---- DATA RECORDS

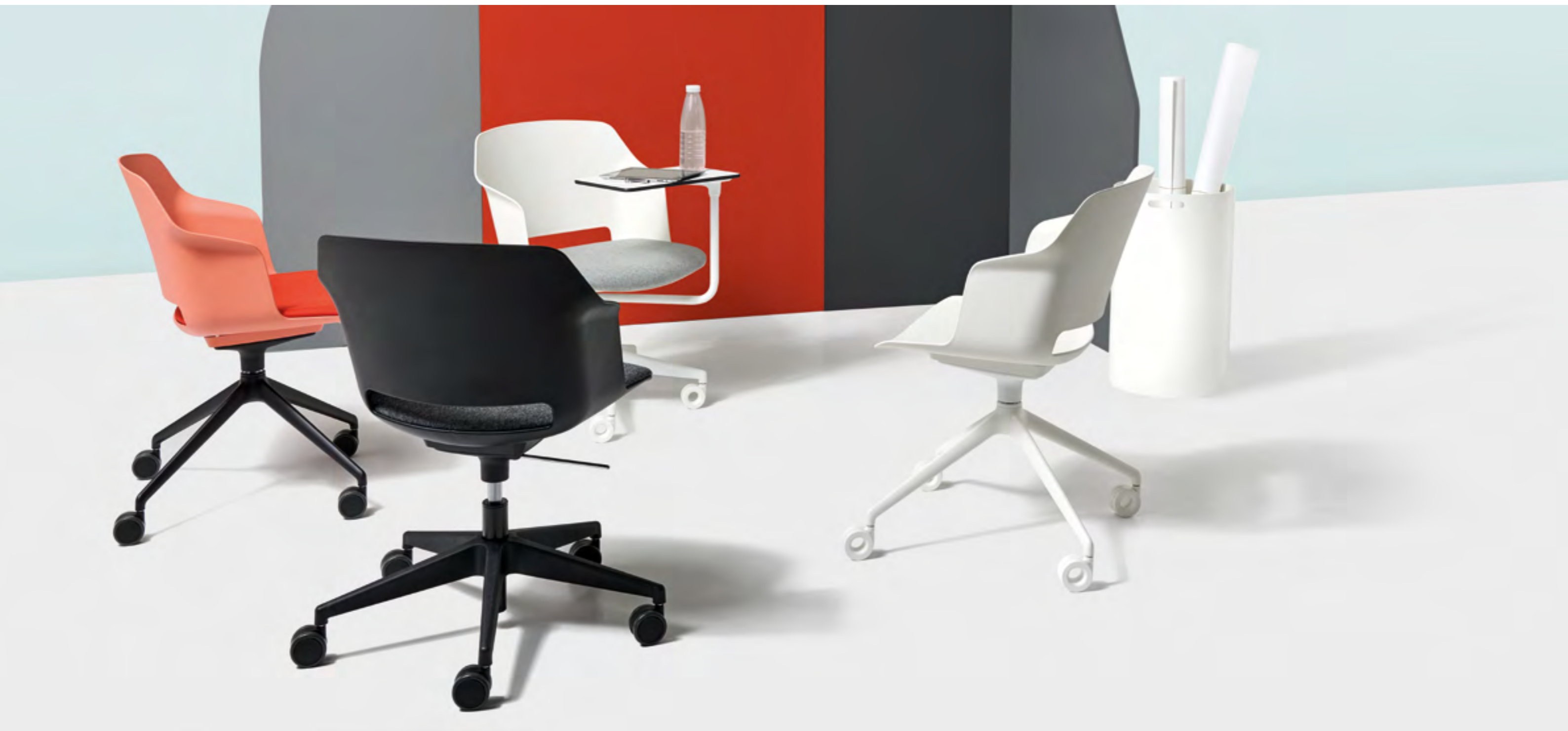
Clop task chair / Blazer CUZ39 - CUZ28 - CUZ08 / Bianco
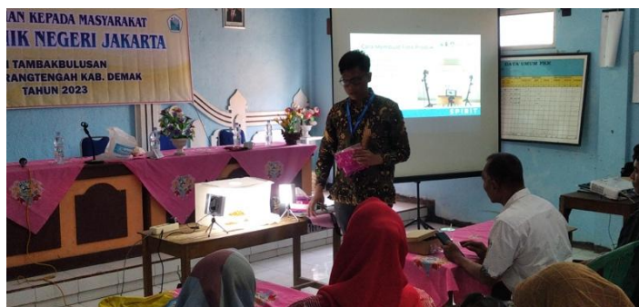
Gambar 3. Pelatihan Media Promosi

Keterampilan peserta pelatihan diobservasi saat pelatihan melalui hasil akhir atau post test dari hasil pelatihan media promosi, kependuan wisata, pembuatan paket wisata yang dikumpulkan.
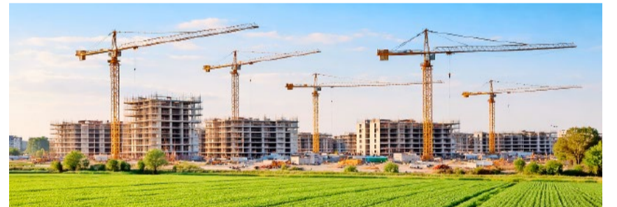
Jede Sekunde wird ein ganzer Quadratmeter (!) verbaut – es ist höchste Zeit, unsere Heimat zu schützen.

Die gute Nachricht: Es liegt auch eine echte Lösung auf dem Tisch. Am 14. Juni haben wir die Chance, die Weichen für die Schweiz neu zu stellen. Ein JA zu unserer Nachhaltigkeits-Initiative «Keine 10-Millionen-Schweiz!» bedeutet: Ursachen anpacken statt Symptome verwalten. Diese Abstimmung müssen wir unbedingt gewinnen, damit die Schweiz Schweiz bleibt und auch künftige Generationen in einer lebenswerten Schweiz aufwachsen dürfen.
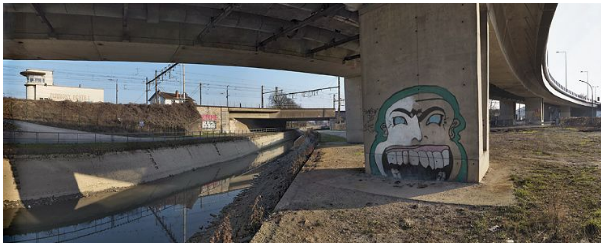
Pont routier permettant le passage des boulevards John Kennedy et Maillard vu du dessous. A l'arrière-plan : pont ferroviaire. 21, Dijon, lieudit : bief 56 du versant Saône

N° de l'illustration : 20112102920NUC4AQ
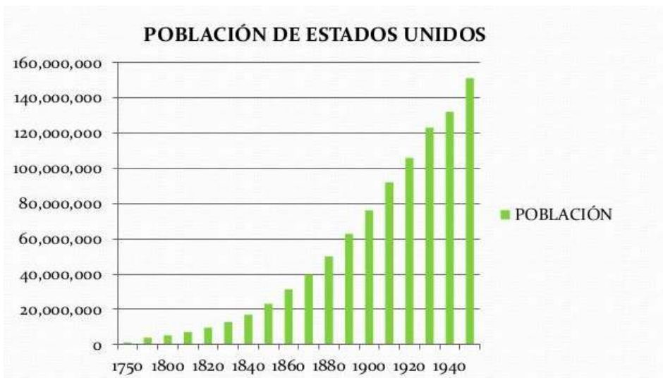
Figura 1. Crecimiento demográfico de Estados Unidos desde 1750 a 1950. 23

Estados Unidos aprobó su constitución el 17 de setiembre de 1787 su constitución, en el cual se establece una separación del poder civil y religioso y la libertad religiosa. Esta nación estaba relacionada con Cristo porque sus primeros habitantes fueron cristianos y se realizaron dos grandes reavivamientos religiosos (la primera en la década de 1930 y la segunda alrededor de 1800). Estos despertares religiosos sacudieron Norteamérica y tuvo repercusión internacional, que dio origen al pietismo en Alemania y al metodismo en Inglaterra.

--------

EXERCISE DIRECTIONS. Write out exactly, please, the lines that start at the one containing "Die gute Nachricht: Es" and run through the final line of the entries, both included, leaving pictures out.

ANSWER FOR THIS EXERCISE.
Die gute Nachricht: Es liegt auch eine echte Lösung auf dem Tisch. Am 14. Juni haben wir die Chance, die Weichen für die Schweiz neu zu stellen. Ein JA zu unserer Nachhaltigkeits-Initiative «Keine 10-Millionen-Schweiz!» bedeutet: Ursachen anpacken statt Symptome verwalten. Diese Abstimmung müssen wir unbedingt gewinnen, damit die Schweiz Schweiz bleibt und auch künftige Generationen in einer lebenswerten Schweiz aufwachsen dürfen.
Pont routier permettant le passage des boulevards John Kennedy et Maillard vu du dessous. A l'arrière-plan : pont ferroviaire. 21, Dijon, lieudit : bief 56 du versant Saône

N° de l'illustration : 20112102920NUC4AQ
Figura 1. Crecimiento demográfico de Estados Unidos desde 1750 a 1950. 23

Estados Unidos aprobó su constitución el 17 de setiembre de 1787 su constitución, en el cual se establece una separación del poder civil y religioso y la libertad religiosa. Esta nación estaba relacionada con Cristo porque sus primeros habitantes fueron cristianos y se realizaron dos grandes reavivamientos religiosos (la primera en la década de 1930 y la segunda alrededor de 1800). Estos despertares religiosos sacudieron Norteamérica y tuvo repercusión internacional, que dio origen al pietismo en Alemania y al metodismo en Inglaterra.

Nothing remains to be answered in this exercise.